Short-sightedness and astigmatism have become a global issue. These are the leading cause of visual impairment and blindness. One in five children in India has these kinds of eye disorders. However, the populations from all over the globe suffering from multiple age-related eye problems like cataracts, diabetic retinopathy, glaucoma, and macular degeneration.

The eye is the most sensitive organ in our body. Poor eyesight reduces the self-confidence and quality of life of an individual. On the career front, it poses a negative impact and a significant threat to employment opportunities. Light exposure or high metabolic rate along with exposure to chemical and environmental toxins induces oxidative damage. These are some fundamental reasons for growing vision impairment cases all over the world. In 2002, the government of India collaborated with the World Health Organization and the International Agency for Prevention of Blindness to fight against untreated eye health issues. Evidence from clinical research recognized that nutritional intervention could be one of the measures to avoid the underlying cause of vision damage. Moreover, proper nutrition can impede the progression of eye diseases.

Nutrients for Preventing Eye Disease

Negligence of early preventive initiation and inadequate nutritional balance are primary reasons for eye disease. Essential nutrients such as vitamin C, Vitamin E, Vitamin A (β-carotene), zinc, and copper are playing a role in maintaining the integrity of eye functionality. Although the general population is aware of the importance of these nutrients for eye health, but still, an emergent needs require knowing the exact dosing to obtain a significant effect. National Eye Institute of America has recommended daily dosage of these nutrients for people having a higher risk to develop age-related macular degeneration. However, the daily requirement can vary from an individual’s perspective. In general, the daily dosage of these nutrients is as follows: 

  • Vitamin C – 425 mg
  • Vitamin E – 400 IU
  • Vitamin A – 28,640 IU
  • Zinc – 69.6 mg
  • Copper – 1.6 mg

All the nutrients follow some specific mechanism of action to prevent eye diseases and maintain eye health. Carotenoids, vitamin C & E, and zinc have potent antioxidant properties.

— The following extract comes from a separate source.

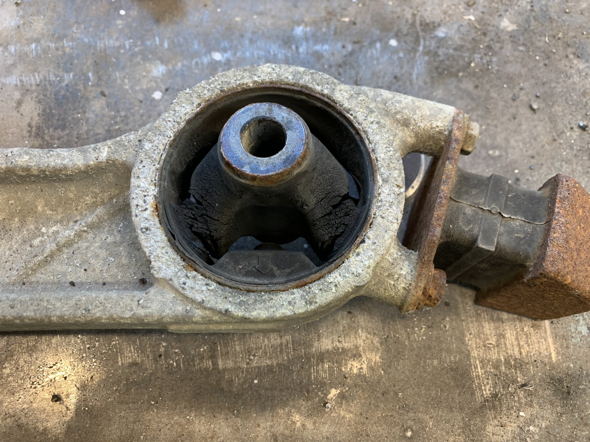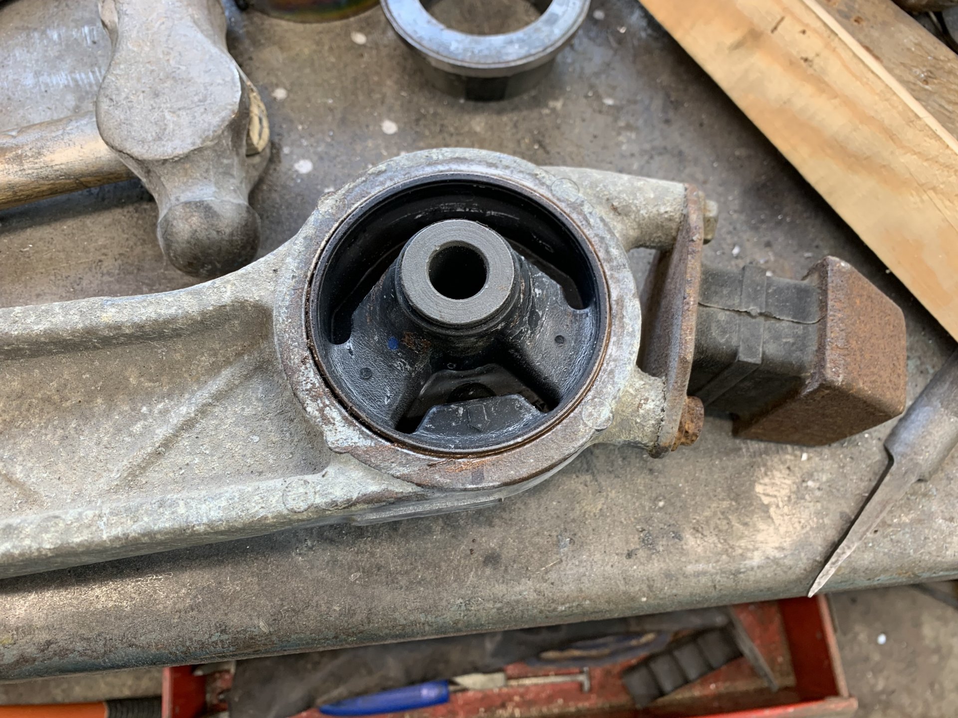Got the job done on the marmite wagon going by the skinned knuckle scale i skinned none so it was an easy job This was the bush i had to change located at the front end of the rear diff Had to make some bits to press the new bush back in taking the old one out was just a hammer and chisel job New bush in I've been getting a judder at low RPM in high gear now and again for the last few years and couldn't work out what it was, this seems to have fixed it stupid thing is i had the car MOT'd last month and the guy never mentioned this. I got under the car to re fit the exhaust heat shield that was rattling last week and spotted it straight away never liked this new MOT station i'm using he does servicing on our works vans he's fucking shit at his job i thought he'd be ok on the MOT's.

Omega-3 fatty acids provide an anti-inflammatory effect that prevents the risk of age-related eye diseases.

Vitamin C

Oxidative stress damages fundamental structures of the body like protein, DNA, and RNA. The metabolic rate in the eye is high and tends to get intense oxidative damage. Vitamin C has sufficient antioxidant properties. Therefore adequate vitamin C in the diet can minimize oxidative stress damage. Vitamin C can be easily absorbed in the blood because of its water solubility. And reaches the eye tissues and prevents oxidative damage. Sufficient vitamin C consumption also enhances vitamin E production. Vitamin E is another essential nutrient with antioxidant properties. Different fruits and vegetables like orange, grapefruit, papaya, strawberries, blackberries, blueberries, broccoli, cabbage, and tomatoes are natural sources of vitamin C.

Vitamin E

Light-sensitive cells of the retina present in the inner structure of the eye play a primary role in visual perception. The retina is made up of fatty acids and is vulnerable to oxidative damage. Vitamin E is a potent antioxidant that prevents lipid oxidation and also acts as a free radical scavenger. It also acts as a vasodilator and inhibits platelet aggregation. Vitamin E prevents inflammation by regulating the immune system’s functioning. There are different natural food items like almonds, peanuts, wheat-germ oil, soybean oil, and sunflower oil which are good sources of Vitamin E.

Carotenoids

β-carotene, lutein, and zeaxanthin are three important carotenoids essential for healthy eyesight. Each of these carotenoids has a significant role in eye health and that are as follows:

β-carotene

β-carotene is present in different dietary products, acts as a pro-vitamin A in our body. This nutritional element assists in vitamin A levels maintenance in blood plasma. Vitamin A is essential for preventing eye dryness and night blindness that can occur in any age group. Lettuce, spinach, kale, carrot, apricots, broccoli, pumpkin, sweet potato are examples of certain fruits and vegetables that contain a sufficient amount of β-carotene. Individuals who have a higher risk to develop lung cancer should avoid excessive intake of β-carotene.

Lutein and zeaxanthin

Lutein and zeaxanthin are two carotenoids collectively referred to as macular pigments. They are primarily present in the retina and lens of the eye. The deficiency of these carotenoids can disturb the normal functioning of the eye. These two nutritional components are carotenoids. But they are not pro-vitamin A. These carotenoids also have antioxidant property decrease the risk of vision impairment. Dietary food items like Brussels sprouts, broccoli, sweet corn, peas, kale, lettuce, spinach are few rich sources of lutein and zeaxanthin.

Omega-3 fatty acids

Eicosapentaenoic acid (EPA) and docosahexaenoic acid (DHA) are two common omega-3 fatty acids. They have potent anti-inflammatory properties. Both EPA and DHA can effectively reduce the risk of eye diseases and other related visionary disturbances. These two omega-3 fatty acids can prevent oxidative stress and improve vascularization. Omega-three fatty acids assist in proper blood circulation in the retina. 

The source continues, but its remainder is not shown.